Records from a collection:
==================================================
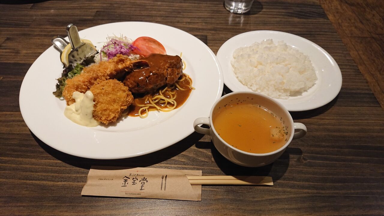 ハンバーグ、そしてホタテフライと海老フライの組み合わせは、お店のスタッフさんが目の前にお皿を置いてくれた瞬間から、食べるまえでもワクワクします! ライスとコンソメスープ付きです。
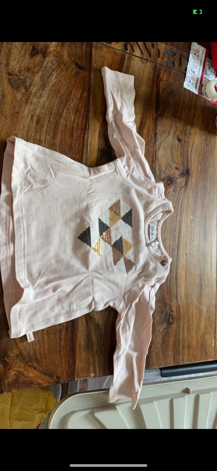 Tee shirt manche longue ikks 12 mois Rose pâle avec perle cousues dessus Portée 2 fois donc super état
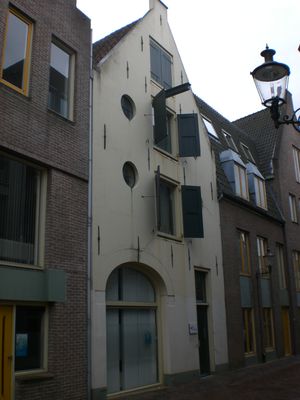 Die Regenbarge. Huis met gepleisterde afgeknotte topgevel. Pakhuis
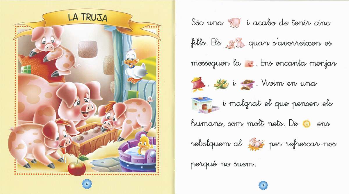 Una col·lecció especialment pensada per a motivar als més petits. Amb lletra gran i manuscrita per a facilitar la lectura, i molts pictogrames divertits. Endevina el seu significat o consulta'l en el diccionari que hi ha en el llibre! En aquesta ocasió els protagonistes són els animals de la masia. Descobreix les millors històries i les anècdotes més divertides d'aquests pròxims éssers.
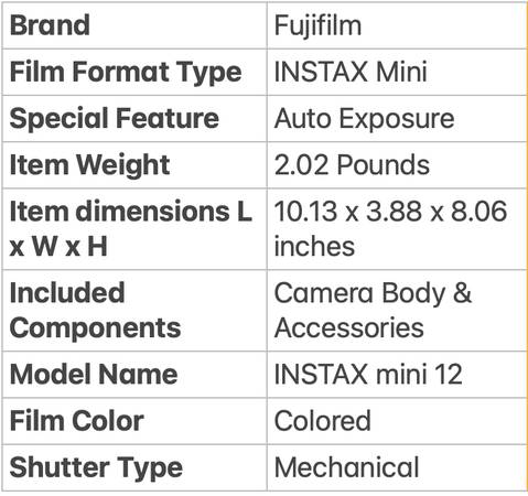 * Capture Memories Instantly: The Fujifilm INSTAX Mini 12 Instant Film Holiday Camera Bundle is designed for those who love to capture and share moments on the go. With the INSTAX Mini 12 camera, you can snap vibrant photos and print them instantly, making it perfect for spontaneous adventures or holiday gatherings. The included 10 pack of instant film ensures you’re always ready to document your favorite memories, whether at a party, on vacation, or just having fun with friends.
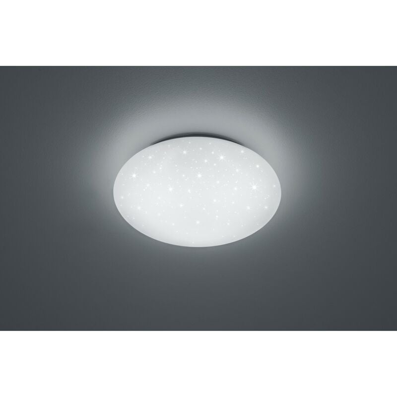 Plafoniera Led IP44 Dimmerabile Putz Bianco Glitter Ø37 cm Trio Lighting La lampada da soffitto PUTZ di Trio Lighting presenta una struttura rotonda realizzata in plastica finitura bianco glitterato con un diametro di 37 cm. Dotata di un modulo led integrato SMD LED da 15 watt, offre una luminosità di 1450 lumen con una temperatura di colore di 3000k (luce calda) ed è dimmerabile. Con il grado di protezione IP44, questa plafoniera offre una buona resistenza contro corpi estranei e spruzzi d'acqua provenienti da ogni direzione. Economica, pratica e versatile, questa lampada è perfetta per il bagno, il corridoio ma anche per ambienti esterni come la terrazza o l'ingresso. Caratteristiche: Struttura rotonda in plastica finitura bianco glitterato Diametro: 37 cm Modulo led integrato SMD LED da 15 watt Luminosità: 1450 lumen Temperatura di colore: 3000k (luce calda) Dimmerabile Grado di protezione IP44 Adatta per il bagno, il corridoio e ambienti esterni Disponibile anche nella variante
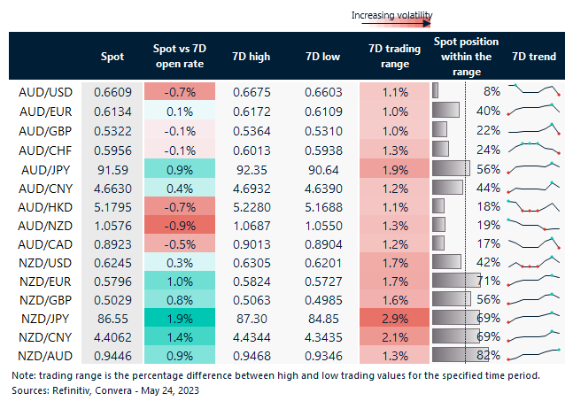 *The FX rates published are provided by Convera’s Market Insights team for research purposes only. The rates have a unique source and may not align to any live exchange rates quoted on other sites. They are not an indication of actual buy/sell rates, or a financial offer.
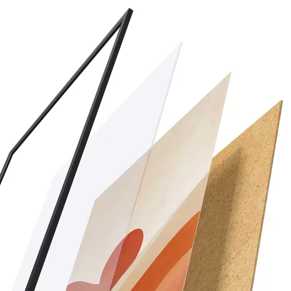 A poszter keretből, plexiből, nyomtatott képből és forgácslap hátlapból áll. A poszter a hátoldalon található rögzítőknek köszönhetően azonnal felakasztható a falra.
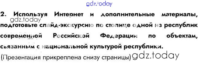 На страницах сайта gdz.today вы найдете учебный и вспомогательный материал, направленный на улучшения знаний школьной программы. ГДЗ - онлайн мир знаний Думаем, сравниваем, размышляем Народы России в XVIII в. 2 Учебнику по Истории России для 8 класса Арсентьев, Курукин Просвещение 2016
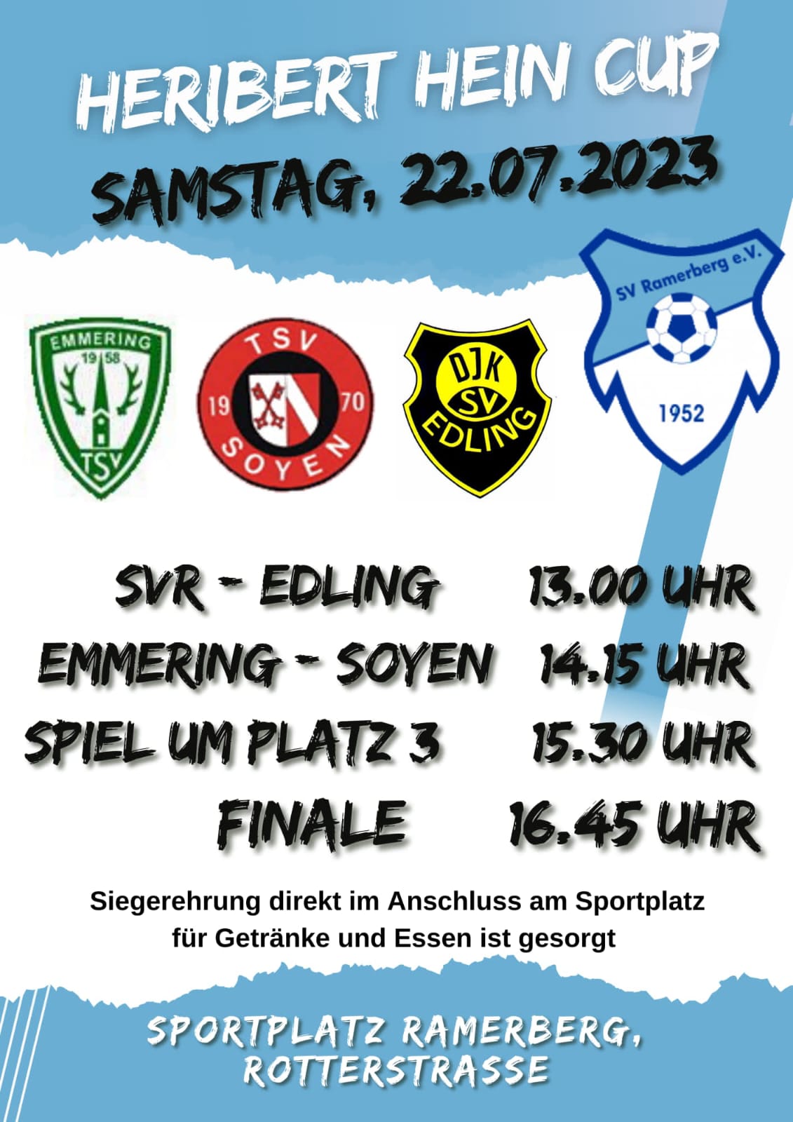 Am kommenden Samstag findet beim SV Ramerberg – zu Ehren des verstorbenen Ehrenvorstands – der Heribert-Hein-Cup auf dem Sportplatz in Ramerberg statt. Beginn ist um 13 Uhr mit vier Teams. Kreisklassist Ramerberg konnte im letzten Jahr den Wanderpokal gewinnen und möchte Selbigen natürlich gerne verteidigen – gegen Edling, Emmering und Soyen.
==================================================
▸ **TASK DESCRIPTION**: Output every record above verbatim, excluding images.

▸ **EXPECTED ANSWER**:
 ハンバーグ、そしてホタテフライと海老フライの組み合わせは、お店のスタッフさんが目の前にお皿を置いてくれた瞬間から、食べるまえでもワクワクします! ライスとコンソメスープ付きです。
 Tee shirt manche longue ikks 12 mois Rose pâle avec perle cousues dessus Portée 2 fois donc super état
 Die Regenbarge. Huis met gepleisterde afgeknotte topgevel. Pakhuis
 Una col·lecció especialment pensada per a motivar als més petits. Amb lletra gran i manuscrita per a facilitar la lectura, i molts pictogrames divertits. Endevina el seu significat o consulta'l en el diccionari que hi ha en el llibre! En aquesta ocasió els protagonistes són els animals de la masia. Descobreix les millors històries i les anècdotes més divertides d'aquests pròxims éssers.
 * Capture Memories Instantly: The Fujifilm INSTAX Mini 12 Instant Film Holiday Camera Bundle is designed for those who love to capture and share moments on the go. With the INSTAX Mini 12 camera, you can snap vibrant photos and print them instantly, making it perfect for spontaneous adventures or holiday gatherings. The included 10 pack of instant film ensures you’re always ready to document your favorite memories, whether at a party, on vacation, or just having fun with friends.
 Plafoniera Led IP44 Dimmerabile Putz Bianco Glitter Ø37 cm Trio Lighting La lampada da soffitto PUTZ di Trio Lighting presenta una struttura rotonda realizzata in plastica finitura bianco glitterato con un diametro di 37 cm. Dotata di un modulo led integrato SMD LED da 15 watt, offre una luminosità di 1450 lumen con una temperatura di colore di 3000k (luce calda) ed è dimmerabile. Con il grado di protezione IP44, questa plafoniera offre una buona resistenza contro corpi estranei e spruzzi d'acqua provenienti da ogni direzione. Economica, pratica e versatile, questa lampada è perfetta per il bagno, il corridoio ma anche per ambienti esterni come la terrazza o l'ingresso. Caratteristiche: Struttura rotonda in plastica finitura bianco glitterato Diametro: 37 cm Modulo led integrato SMD LED da 15 watt Luminosità: 1450 lumen Temperatura di colore: 3000k (luce calda) Dimmerabile Grado di protezione IP44 Adatta per il bagno, il corridoio e ambienti esterni Disponibile anche nella variante
 *The FX rates published are provided by Convera’s Market Insights team for research purposes only. The rates have a unique source and may not align to any live exchange rates quoted on other sites. They are not an indication of actual buy/sell rates, or a financial offer.
 A poszter keretből, plexiből, nyomtatott képből és forgácslap hátlapból áll. A poszter a hátoldalon található rögzítőknek köszönhetően azonnal felakasztható a falra.
 На страницах сайта gdz.today вы найдете учебный и вспомогательный материал, направленный на улучшения знаний школьной программы. ГДЗ - онлайн мир знаний Думаем, сравниваем, размышляем Народы России в XVIII в. 2 Учебнику по Истории России для 8 класса Арсентьев, Курукин Просвещение 2016
 Am kommenden Samstag findet beim SV Ramerberg – zu Ehren des verstorbenen Ehrenvorstands – der Heribert-Hein-Cup auf dem Sportplatz in Ramerberg statt. Beginn ist um 13 Uhr mit vier Teams. Kreisklassist Ramerberg konnte im letzten Jahr den Wanderpokal gewinnen und möchte Selbigen natürlich gerne verteidigen – gegen Edling, Emmering und Soyen.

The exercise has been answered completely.